Liquid assets include your cash and accounts receivable, as well as undeposited funds. You would not include inventory or prepaid expenses in the quick ratio calculation, as neither can be converted to cash quickly. To calculate your current assets you will add the following:

Total Checking/Savings: $105,462.75
Accounts Receivable: $ 35,810.02
Undeposited Funds: $ 110.00
Total liquid assets $141,382.72

You would not include prepaid insurance, employee advances, and inventory assets since none of those items can be quickly converted to cash.

Pro Tip: Be sure to only include assets that can be quickly converted to cash when calculating the quick ratio.

Step 3: Calculate your current liabilities

Like your assets, you’ll only want to include your current liabilities when calculating the quick ratio.

Example of a balance sheet showing a breakdown of liabilities.
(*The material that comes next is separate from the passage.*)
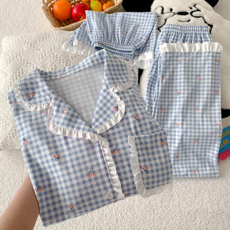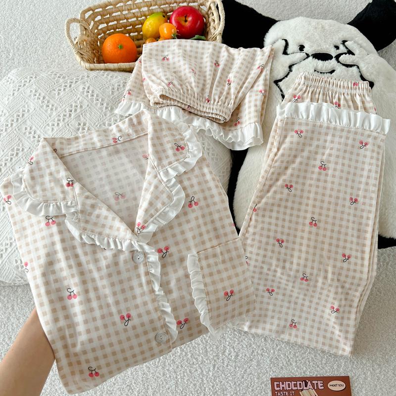 Милая маленькая вишневая клетчатая пижама с коротким рукавом женская летняя сладкая с оборками и листочками домашняя одежда комплект из трех предметов
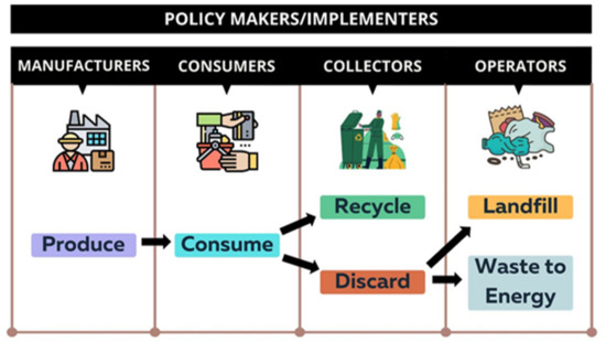 Options for processing and treatment of waste involving actors (i.e., manufacturers, consumers, collectors and operators) [5].

Only current liabilities should be included in the quick ratio calculation.

Current liabilities include accounts payable, credit card debt, payroll, and sales tax payable, which are all payable within one year. To run the quick ratio, you can use your total current liabilities based on the balance sheet above, which is $9,440.53. Long term liabilities should be excluded.
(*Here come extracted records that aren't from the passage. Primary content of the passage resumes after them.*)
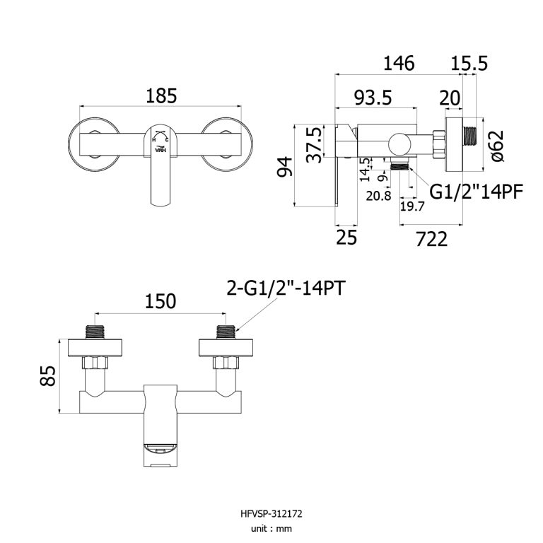 ก๊อกเดี่ยวผสมฝักบัว แบบติดผนัง (ไม่รวมสายอ่อน) รุ่น FORTE
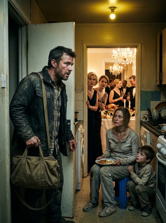 I stepped into the back kitchen and saw my wife sitting on a plastic stool under a weak bulb, feeding my son off a chipped plate. Torn dress. Hollow face. Thin wrists. Two changes of clothes stacked against the wall. A pillow. A bucket. A pot.
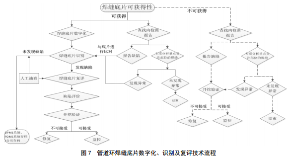 (2)焊縫底片數字化、識別及復評技術(shù)流程。根據焊縫射線(xiàn)底片可獲得性,可以找到管道焊縫射線(xiàn)底片的部分;無(wú)焊縫射線(xiàn)底片的部分。技術(shù)流程如圖 7所示,可篩選出需要重點(diǎn)關(guān)注的焊縫、建設期多余的底片以及無(wú)底片的焊縫。

Pro Tip: Be sure to exclude long term liabilities such as bank loans when calculating the quick ratio.

Step 4: Complete the quick ratio calculation

Using the balance sheet totals displayed in Step 2 and Step 3, the numbers you will use to calculate the quick ratio are as follows:

Current assets: $141,382.77 (Step 2)

Current liabilities: $9,440.53 (Step 3)

You can now calculate the quick ratio:

$141,382.77 ÷ $9,440.53 = 14.98

Pro Tip: Double check your numbers to ensure that only current, liquid assets and current liabilities are included in the quick ratio calculation.


How can your company use your quick ratio?
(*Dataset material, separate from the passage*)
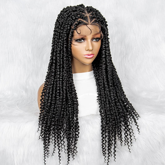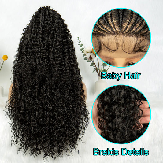 Knotless Box Braids Cornrow Full Lace Braided Wig | Synthetic Crochet Hair for Black Women
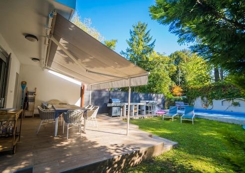 A hátsó kertrészben egy nemrég épített sós vizű medencében csobbanhatunk a nyári, melegben vagy akár hűvösebb napokon, mivel hőszivattyús fűtéssel rendelkezik.

Knowing the quick ratio for your company can help you make needed adjustments such as increasing sales, or developing a more effective accounts receivable collection process.

Knowing the quick ratio can also help when you’re preparing financial projections, no matter what type of accounting your company currently uses.


Quick ratio can help your company

The quick ratio meaning is simple: does your company have enough current assets to cover its current liabilities. Calculating this ratio can be particularly valuable for those looking to obtain additional financing, as both creditors and investors will want to see how financially stable your company is before lending money.

Finally, if you’re not happy with the results of the quick ratio, you can take steps internally to begin to address the issues that may be causing a low quick ratio, such as the inability to collect on accounts receivable on a timely basis.

Like any ratio, the quick ratio is more beneficial if it’s calculated on a regular basis, so you can determine whether your number is going up down, or remaining the same.

An accurate balance sheet is the key to an accurate quick ratio. If you’re looking for accounting software to help prepare your financial statements, be sure to check out The Blueprint’s accounting software reviews.


Quick ratio frequently asked questions

Why is it beneficial for my company to calculate the quick ratio?

The quick ratio lets you know if your company has enough current, liquid assets to pay its short-term debts.

What does the quick ratio number mean?

The quick ratio number is a ratio between assets and liabilities. For instance, a quick ratio of 1 means that for every $1 of liabilities you have, you have an equal $1 in assets. A quick ratio of 15 means that for every $1 of liabilities, you have $15 in assets.

What can I do if my number is too low?

If your quick ratio number is too low, you can reexamine company policies, work to increase sales, or institute better collection practices so you can be paid on a more timely basis.